Applications of Hybrid Solar Streetlamps: Electrical Performance Measurements and Development of Algorithms for Their Optimal Management

This study examines the electrical performance and management of hybrid solar street lighting systems with the objective of optimizing their operation for sustainable urban development. Hybrid solar streetlights, which integrate photovoltaic panels with additional power sources, offer resilience and reliability that are crucial for urban settings. A hybrid solar streetlamp was installed in a city in central Italy and monitored for over a year to analyze its electrical behavior and the illuminances obtainable under different boundary conditions and operational programs. The measured data permit the development of an optimization algorithm in a Python program for the optimal management of the solar streetlamp and the forecasting of the battery charging/discharging cycles, as well as the electricity taken from the grid.

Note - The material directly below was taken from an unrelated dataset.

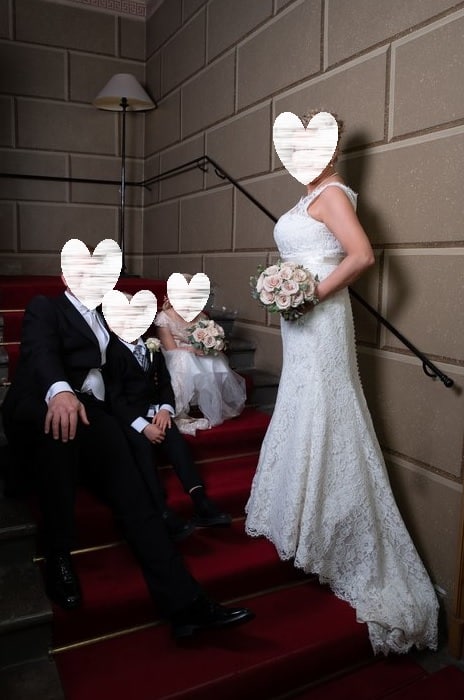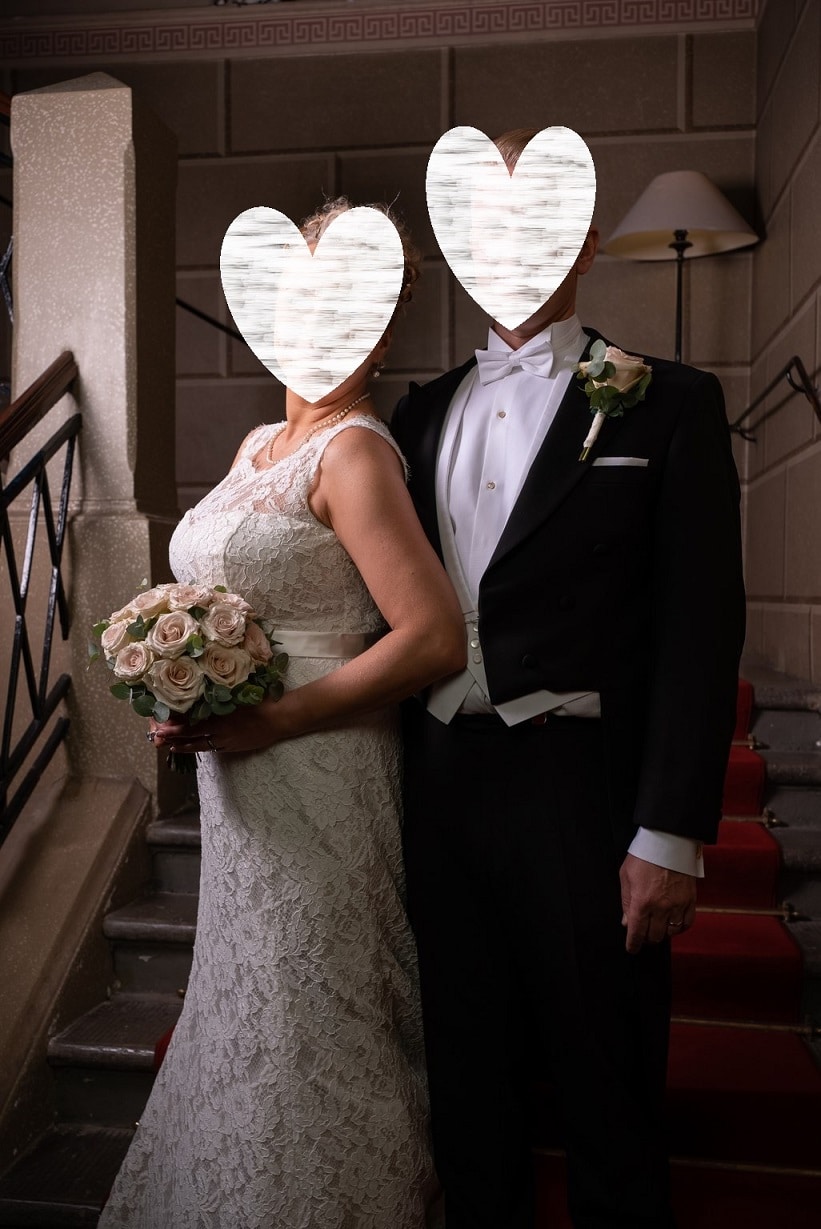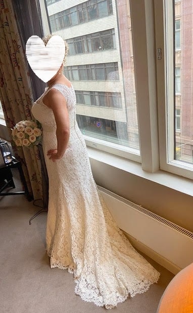 Koko White Rose hääpuku R704H on yhtenäistä ruusukuvioista pitsikangasta. Puvussa on leveät läpikuultavat olkaimet, joiden alta kuultaa sydänpääntie. Kapeassa helmassa on maltillinen laahus ja selässä vetoketjukiinnitys napein. Vyötäröä korostaa satiinivyö. Koko 42, 550€

The simulation scenarios permit the development of a novel management algorithm that is capable of optimizing the battery usage with a minimal draw on the grid in order to achieve a state of near self-sufficiency for the solar streetlamp. The results demonstrate that tilted solar panels enhance energy production, while optimized LED power profiles and system management enhance efficiency. The study highlights the importance of maintaining the state of charge (SOC) of the battery above 20% to extend its lifetime and reduce replacement needs. Economic analysis indicates significant potential energy savings, emphasizing the necessity of system optimization for economic viability and environmental sustainability in urban lighting. Despite initial investment costs and challenges, adopting hybrid solar lighting in urban environments presents substantial benefits, paving the way for a more sustainable and energy-efficient urban future.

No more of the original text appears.